El lujo de enfermarse

El lujo de enfermarse

KARYNA FONT-BERNARD
La mañana estaba fría y en la sala de espera de un hospital de la ciudad de Santo Domingo, estaba sentada Marta con su hijo de tres años en brazos, temblando de fiebre y con una desesperante tos. Lleva más de una hora y aún no sabe si será en la mañana cuando el pediatra de turno revise a Miguelito.

La enfermera de la información le dice que no se preocupe, que el niño lo más seguro tiene uno de esos virus que andan, que ya se le pasará, pero para Marta eso no es consuelo y abraza más fuerte a su hijo, quien de vez en cuando abre sus ojos con desconcierto.

Ella tiene 22 años, trabaja desde hace siete como empleada doméstica, no tiene título de bachiller y no sabe el paradero de su marido y padre de su hijo.

Tiene dos días llegando temprano al hospital y saliendo en la tarde, sin que revisen a Miguelito; hoy espera que por fin se pueda ir con una receta para comprar la medicina que mejore a su hijo, pero la fila es larga y avanza lentamente.

Entre tanto Marta le enjuga las lágrimas al niño,con un pañuelo descolorido y se lamenta de ser pobre. “El pobre no se puede dar el lujo de enfermarse; pero imagínese usted, los niños son angelitos, mire al mío, tan enfermito. Lo peor es que donde trabajo ya me dijeron que no puedo faltar más y si hoy no me atienden al niño, no sé que voy a hacer mañana. No puedo perder mi trabajo, con lo poco que gano mantengo a mis dos hijos; ni siquiera sé cómo voy a comprar el remedio”.

Y el tiempo agitaba su paso y aún a Miguelito no lo atendían. Detrás de su turno, otras madres con sus hijos enfermos y una desesperanzadora fila que no avanza o quizás, es que aún no había llegado el pediatra.

En un país con uno de los más altos índices de automóviles de lujos y con un nivel de tecnología de la comunicación, elevado por encima de la mayoría de las naciones latinoamericanas; en un país donde hay personas que pueden hacer regalos de más de sesenta mil pesos y comprarse ajuares en dólares para vestir tan solo para una noche; en un país donde tenemos lugares turísticos semejantes al paraíso, cinco estrellas y todo incluido y, como si no fuera suficiente, en un país, en donde hay familias que viajan al extranjero a vacacionar, hacia destinos en donde sólo los muy poderosos, famosos y ricos tienen luz verde, es el mismo país en donde Marta pasa días con su hijo enfermo, paseándose por los pasillos interminables de la espera sin respuesta, en un hospital de Santo Domingo.

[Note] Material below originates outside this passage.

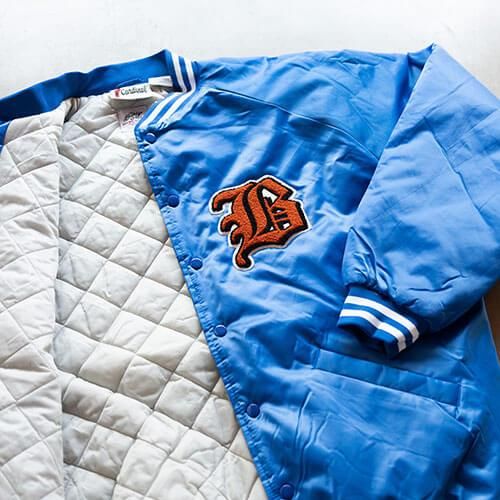 贅沢にも"B"の大きめサガラワッペンが胸に鎮座し、シンプルながらもしっかりと存在感を放つスタジャンです!!!
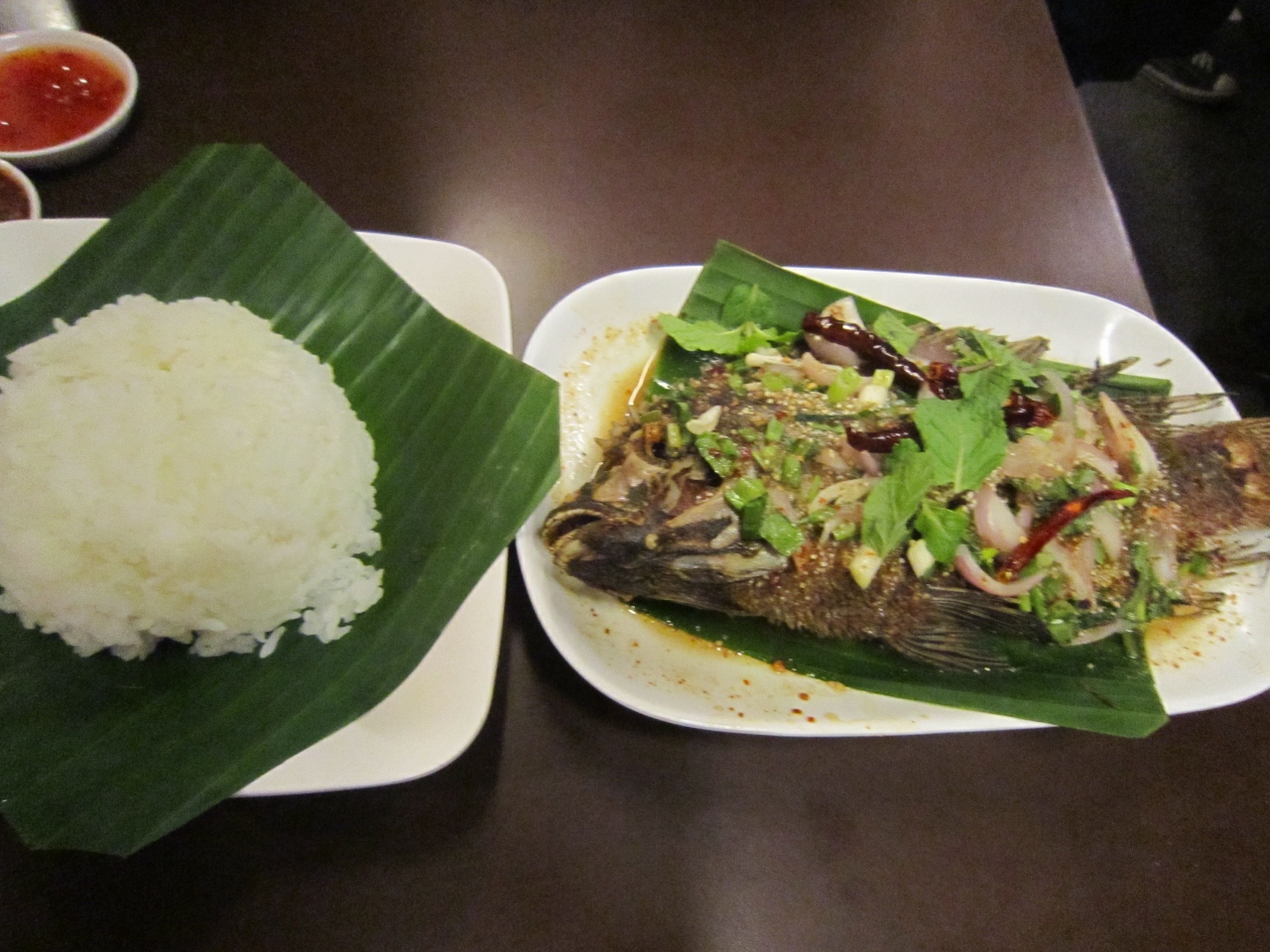 夜見るといつも混んでいたのですが平日の昼に行くとすいていました。メニューは写真付きで英語のものがあるので注文しやすかったです。Spicy fried fish salada (名前が違うかもしれません)が105Bで美味しかったです。ドリンクのメニューはスムージーが70B位したと思います。

Marta gana cuatro mil pesos mensuales y su presupuesto abarca alquiler, manutención de sus hijos y eventualidades como la enfermedad de Miguelito, a quien el pediatra le diagnostica bronquitis.

Marta sigue lamentándose de su pobreza, el tratamiento de su hijo le saldrá no menos de 1,500 pesos y eso quiere decir que por dos o tres meses andará muy corta de presupuesto, pero ella insiste en decir: “No hay más nada que hacer, el pobre no puede darse el lujo de enfermarse”.

Si en una nación, el sector de la educación y de la salud mantienen sus niveles bajos, será imposible alcanzar un progreso equitativo a nivel general, será como una silla a la que le faltan dos patas y por siempre, se tambalea para no caer.

No importa si el turismo se eleva o si el Metro avanza, si en un hospital cualquiera de la ciudad de Santo Domingo una persona como Marta afirma con amargura que en este país el pobre no se puede dar el lujo de enfermarse.